Robin Elliott hails from Merseyside but is currently based in London. Having released three EPs, ‘There Is A Land’ marks his debut full-length recording. It commences with ‘Another Country‘, which is a wistful song about long-distance relationships. ‘The Classics’ starts with Elliott’s late father testing a Dictaphone many years ago. It’s a song that looks to the past, ‘No-one makes them like they used to, Those days are over’, but also alludes to the speeding up of time as we grow older, ‘The sun is growing and we double our speed again’.

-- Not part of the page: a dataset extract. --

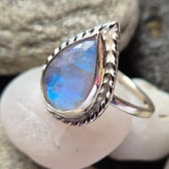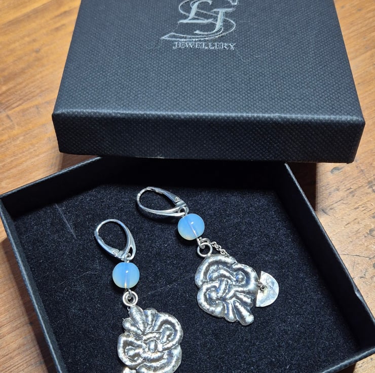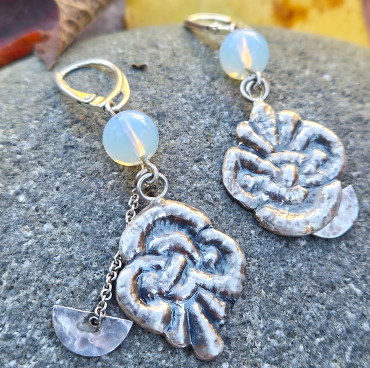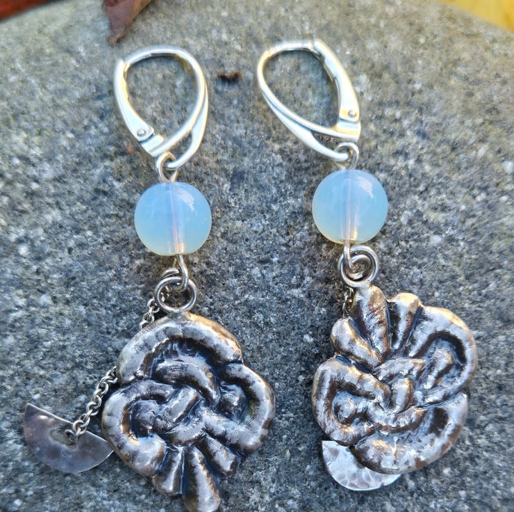 Celtic art inspired handmade out of fine silver with sterling silver details and beautiful moonstone beads. Earings made from scratch using chase and repousse technique. Earings has a little dangly detail which makes subtle and nice noice. Reminds of the wind bells.

‘William V’ is a song that’s been released in an acoustic form on one of Elliott’s previous EPs. It’s an excellent piece of social commentary. It’s tale of a boy who was torn from his dead mother’s womb, and ends up with foster parents on the Broadwater Farm estate in North London. Following the riots on the estate in 1985 he’s sent to a care home. The song fast forwards to the future when his ‘namesake is proudly crowned king’ and William finds himself alone in a doorway. The song benefits from a full band sound, including a swirling organ, compared to the solo version Elliott put out in 2017.
‘Southport At Night’ is an eight-minute epic with Elliott reflecting on his youth. It is a beautifully put together narrative filled with ‘embarrassing dancing’ and ‘drunken streets in a blur of streetlights’. It’s song that forms the centrepiece of the album, dividing it into two halves. ‘Traveller’, which follows it, is a slightly jazzy number. ‘Nowhere In Particular’ also starts with a jazz beat before adopting a more indie sound. It sums up a trek around an urban area well, until Elliott finds himself on the motorway for a ‘little ride’, returning home to tell his loved one that he’s been ‘nowhere in particular’.

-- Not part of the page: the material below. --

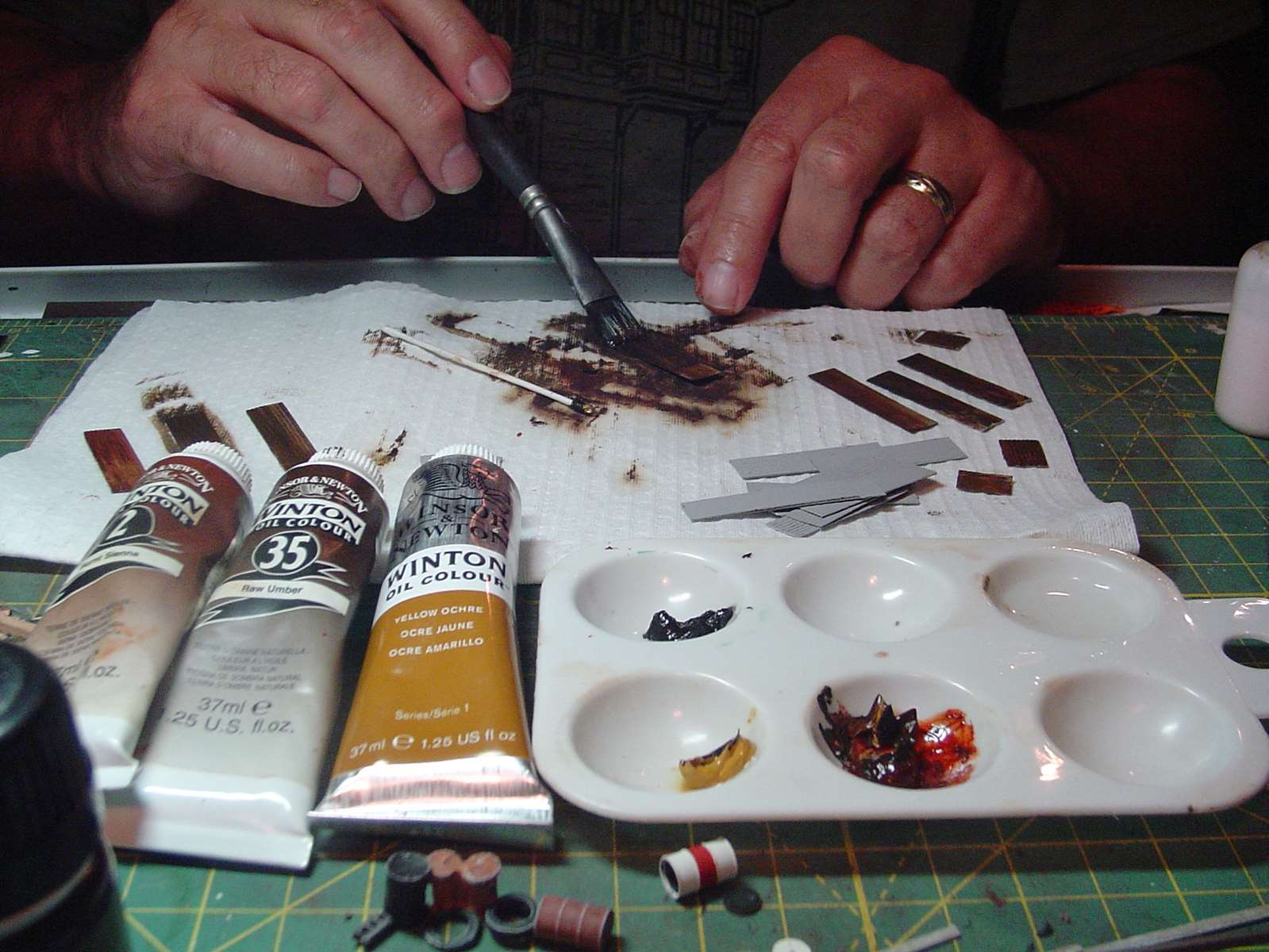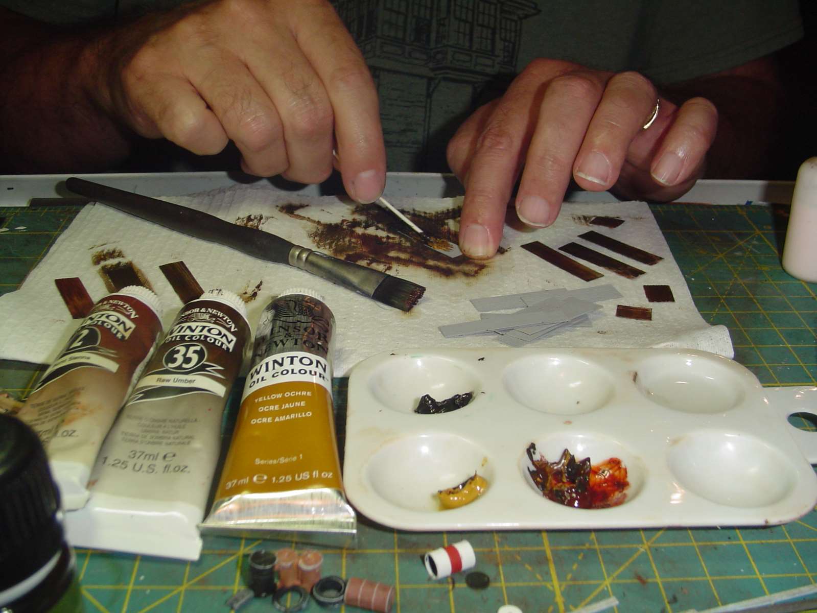 I had previously cut the corrugated roofing panels to the lengths indicated in the templates.  I painted them with oil paints Umber's and Sienna's and applied some rust colored powders to them to make them look like crusty, rusty panels.

The title track, ‘There Is A Land’, commences with some sparkling guitar. Elliot describes it as “a bit like something from a fable or fairy tale, with a naivety to it, but almost like a naivety that’s on the cusp of realising that it’s naïve”. ‘Is The Sun Shining’ appropriately has a lead guitar line that sounds like it’s been influenced by southern African, it could almost be an outtake from Paul Simon’s ‘Graceland’. ‘Mute The Button’ ends the album. The song’s underlain by an understated analogue synth line and some beautiful backing vocals. It features some interesting characters, one of whom ‘Pictures himself as a young Bo Diddley, But he’s the spit of an elderly Johnny Borrell, Struggling to wrangle on those skinny, skinny jeans in a sad Sam Cooke motel’. It is a beautiful way to end a very fine album.